Researcher(s): Khahlil Louisy, Alexander Radunsky, Betsy Gardner, Elizabeth Leigh Zillioux, Tom Joe Dominic, Jynessa June King-Garcia, Iman Abdi, Ahmed Adam El-Halabi, and Mary Margaret Gilbert.


Description:


This initiative formalizes the use of “alternative data” as decision infrastructure for public health when official reporting is delayed, fragmented, or constrained. Building on the Data-Smart series’ analysis of the barriers to accessing, sharing, and evaluating health data, we position nontraditional signals as complements to clinical sources and specify the conditions under which they add decision value for city practitioners.

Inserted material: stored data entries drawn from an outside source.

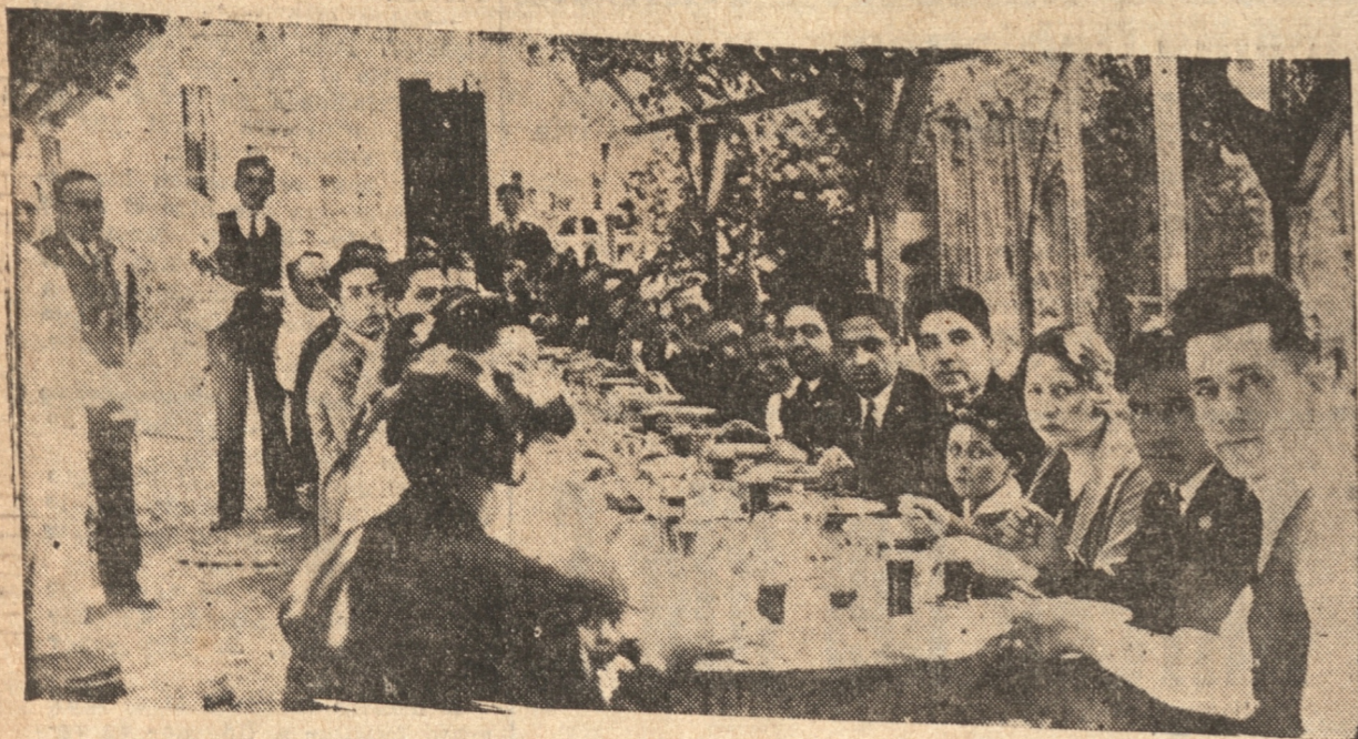
ASISTENTES AL ALMUERZO QUE EFECTUARON LOS SUB-OFICIALES DE LA ESCUELA DE TORPEDOS DE TALCAHUANO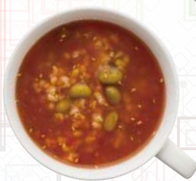
チキンのトマト煮粥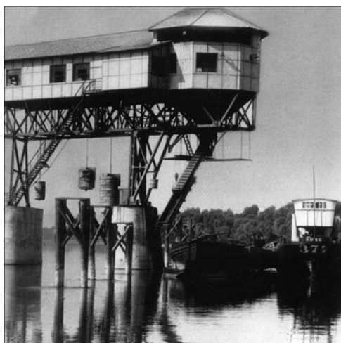
Gáthy dunai szénrakodója

Ezekre a kapcsolatokra utalhat a beszámoló az Esztergom hasábjain „ Herczeg Ferenc-művészt Dorogon . Előkelő és a művészetet értékelő társaság gyűlt össze február 24-én este a dorogi kaszinó díszes nagytermében, hogy egy minden tekintetben elsőrangú művészi előadásban és estélyen vegyen részt. A budapesti vendégek díszes sorában maga Herczeg Ferenc is megjelent, s az előadás folyamán számtalanszor részesült nagy ünneplésben. Az első darab: »A két ember« a bányász munkás és a főmérnök lelki-

Our research program advances four strands. First, we develop a typology that links data classes to concrete use cases: environmental sensor networks for exposure assessment; mobility traces for contact patterns and service reach; pharmacy and retail transactions for demand-side syndromic signals; 311 and digital service logs for place-based anomalies. Second, we specify validity, bias, and drift tests for each class and design privacy-preserving fusion pipelines that reconcile heterogeneous sampling frames while protecting individuals and neighborhoods. Third, we create decision models that resolve risk at fine spatial and temporal scales, with an explicit goal of neighborhood and, where feasible, street-level situational awareness suitable for targeted intervention. Fourth, we codify governance patterns: data contracts, purpose limitation, auditable access, and fit-for-purpose consent, that make cross-sector use of these data operational for resource-constrained agencies. These strands translate the broad recommendations in the series into deployable practice.

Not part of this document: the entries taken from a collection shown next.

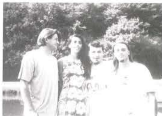
Attention... DRIVE BLIND sur scène n'a plus rien à voir avec cette charmante photo...

Pour terminer ce Festival, une dernière soirée hommage au label Angevin BLACK ET NOIR, qui a bien voulu se pencher sur le Rock Gardois puisqu'ils ont signé les DRIVE BLIND mais aussi une soirée nouveauté car les 3 Groupes sortent un nouvel album chacun. Enfin une soirée musicale entre le Seattle Sound et la Noisy Pop Anglaise car DUCK OF DA DAY, DRIVE BLIND ou les BURNING HEADS ont biberonné le hard core américain qu'ils pimentent de mélodies endiablées et venimeuses qui s'incrusteront dans votre crâne que ce soit "I don't know" des DUCKS, Peppermint Paranoïa des Drive ou "Alone" des Têtes Brûlées.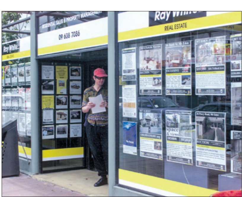
مكتب عقارية في أوكلاند، 3 يناير 2001

فرض البنك المركزي النيوزيلندي قيودا على الإفراض العقاري، وسط ارتفاع الديون وإسعار المنازل، مشددا على أن سياسته تهدف إلى ضمان بقاء أسعار العقارات عند مستويات مستدامة الحد من حالات التخلف عن السداد عن طريق تقليل حجم الخسائر المحتملة في حالة تراجع سوق الإسكان»، وقال كريستيان هوكسي نائب محافظ البنك، إن خطوط المركزي تعمل بحماية حواجز حماية تقلل من تراكم الإفراض عالي المخاطر في النظام المصرفي. بدوره، قال ستاتش راشود، كبير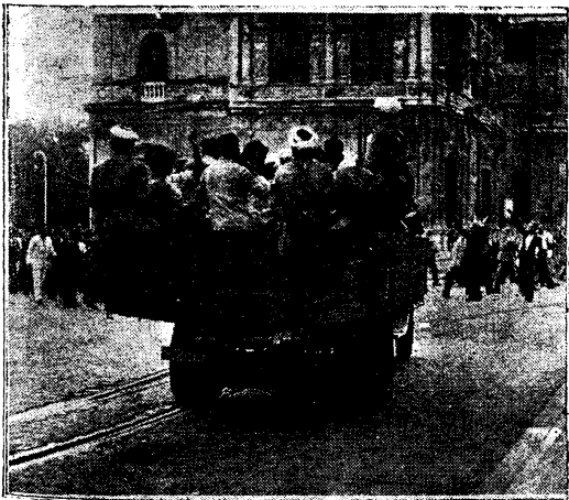
Hoy hace un año. Los primeros moros que desembarcaron en la península cruzan por las calles de Sevilla. El ingenio, la audacia y el valor del general Queipo de Llano hizo pasar a estos moros por su calle. En ese camión se disponen a entrar en la Plaza de San Fernando

SALAMANCA.—Hoy día 18 con motivo del primer aniversario del Glorioso Movimiento S. E. El Generalísimo, hablará por Radio Salamanca a las diez y media de la noche.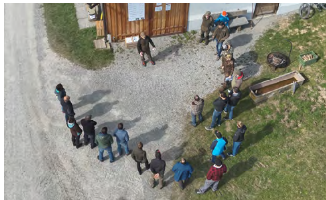
Landwirte bei der Jagdgesellschaft Andwil

das Leben und Verhalten der Rehe, über die herkömmliche Verblendmethode und konnte die Suchflüge der Drohne über die Wiese zu Demonstrationszwecken direkt mitverfolgen. Damit die Rehkitzrettung auch in der Praxis funktionieren kann, ist eine enge Zusammenarbeit zwischen der Landwirtschaft und Jägerschaft zwingend. Die Jagdgesellschaft Andwil zeigte auf, welche Rahmenbedingungen erfüllt sein müssen. Das grosse Interesse der Landwirte zeigt, dass die Voraussetzungen dazu in Andwil ideal sind. Der gelungene Anlass wurde durch einen Imbiss, spendiert durch die Jagdgesellschaft Andwil, abgeschlossen.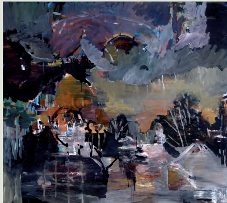
„Rendsburg im April“, 2010, Öl auf Leinwand, 120x150 cm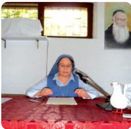
Sr. Laura traccia brevemente i sentimenti dell'Amicizia, della Paura e della Tenerezza.

PAURA. La paura è un sentimento, un'emozione di un'intensa carica di tensione, specialmente quando si verifica un evento che viene vissuto come un pericolo o una minaccia. Esiste un uomo senza paura? Aristotele affermava che l'uomo è coraggioso non in quanto indenne dalla paura, ma in quanto riesce a comportarsi come se non avesse paura. Quindi bisogna convivere e saper gestire la paura. Ad esempio nella malattia cosa più mi spaventa? La sofferenza, l'impossibilità di condurre la mia vita come prima? O la morte? Ciò che conta è che essa non assuma un'intensità tale da impedire il normale corso della nostra esistenza. Certe paure si possono vincere prevenendole. Ad esempio se devo parlare in pubblico mi preparo bene in modo che l'emozione non si trasformi in panico. Se temo il giudizio degli altri che bloccano le mie iniziative penserò che la mia coscienza è il vero giudice.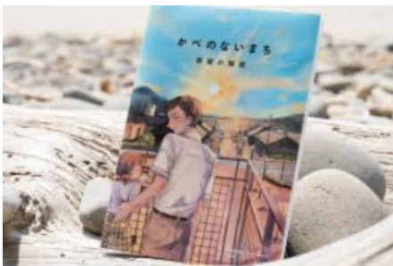
絵本「かべのないまち 希望の物語」

大漁旗デザインの手ぬぐい、女川の「やすらぎ」と「力強さ」がテーマのドリップコーヒー、大漁旗柄や女川町のマスコットがデザインされたタオルハンカチ、女川産の銀鮭・帆立のふりかけを贅沢に詰め込みました。

Evaluation is integral. We measure contribution to decision quality rather than model accuracy alone, using counterfactual and quasi-experimental designs that trace how alerts, forecasts, or risk maps change actions and outcomes. Metrics include lead time gained over official surveillance, precision of hotspot localization, robustness across neighborhood demographics, and downstream effects on service deployment and health burden. The output is a tested playbook and open methods that cities can reproduce within the Community Data Health Initiative ecosystem, creating a durable pathway from heterogeneous signals to decision-grade public health intelligence.